Одно из самых странных проявлений моего «мрака» – навязчивая привычка кусать внутреннюю сторону нижней губы. Это у меня с раннего детства. Каждый раз я решаю, что больше никогда не буду этого делать, но при каждом очередном приступе вновь с педантичной жестокостью предаюсь самоистязанию. При первых симптомах «мрака» внутренняя поверхность губы словно теряет чувствительность, и мои премоляры начинают развлекаться, отрывая от нее клочки якобы омертвелой кожи.
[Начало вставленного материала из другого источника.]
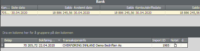 Åpne bankavstemming på aktuell konto.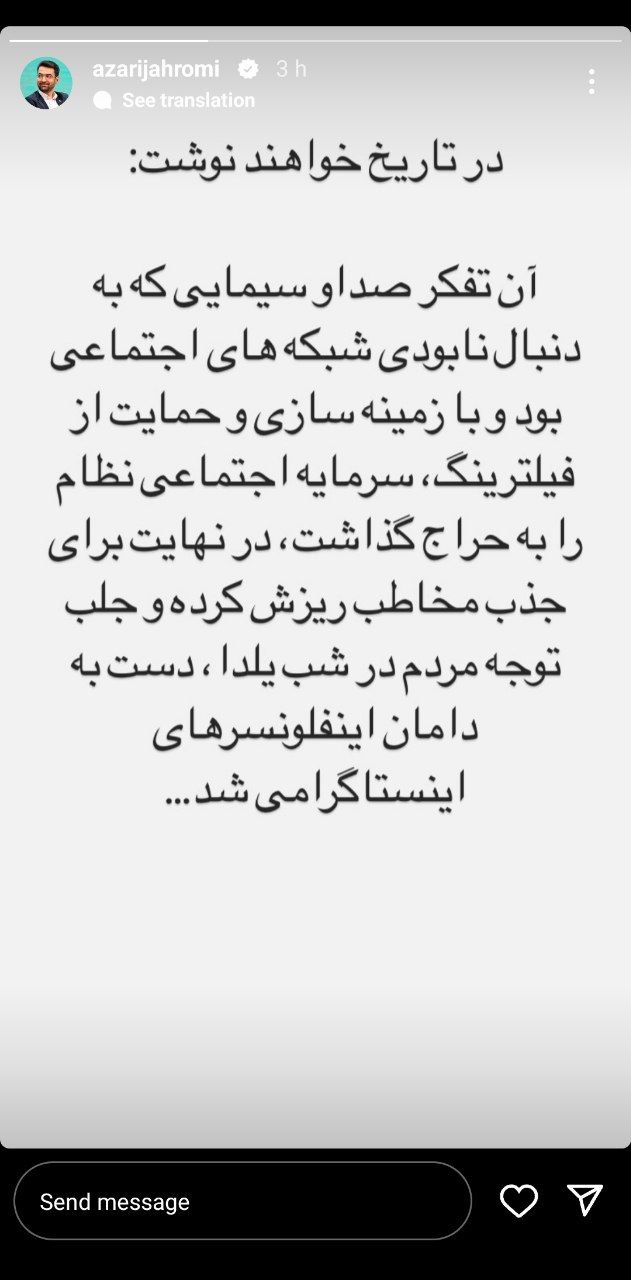 آذری جهرمی: در تاریخ خواهند نوشت صداوسیمایی که سرمایه اجتماعی نظام را با حمایت و زمینه سازی فیلترینگ به حراج گذاشت برای جذب مخاطب دست به دامن اینفلوئنسرهای اینستاگرامی شد.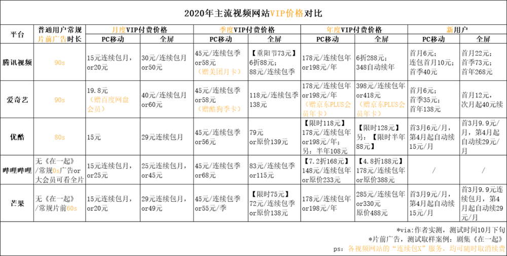 从定价上看,视频网站的付费会员体系可谓是“庞大而精密”。

Все это – совершенно безболезненно, как будто снимаешь шкурку с плода. Потом какое-то время с этими «очистками» поигрывают резцы, а после я их проглатываю. Это самоедство продолжается до тех пор, пока зубы не доберутся до более глубоких слоев, где плоть становится чувствительной к укусам. И тут появляется первая боль и первая кровь. Пора остановиться. Но страшно хочется еще поковыряться в этой ранке. И я то углубляю ее новыми покусываниями, ужесточая пытку до того, что на глаза наворачиваются слезы, то сосательными движениями давлю на раненую губу, выдавливая из нее кровь. Дальше по правилам игры я должен носовым платком или тыльной стороной ладони проверить качество этой крови – достаточно ли она красная. Вот таким странным самоистязанием занимается с детства тип, который, вообще-то, вовсе не склонен к мазохизму. Потом я буду долго – пока не зарубцуется ранка – проклинать себя за эту глупость с затаенным страхом, что переступил-таки черту и что теперь эта некогда вожделенная плоть никогда не заживет. Истерический ритуал с суицидальной составляющей. А когда же это началось? Когда у меня стали выпадать молочные зубы?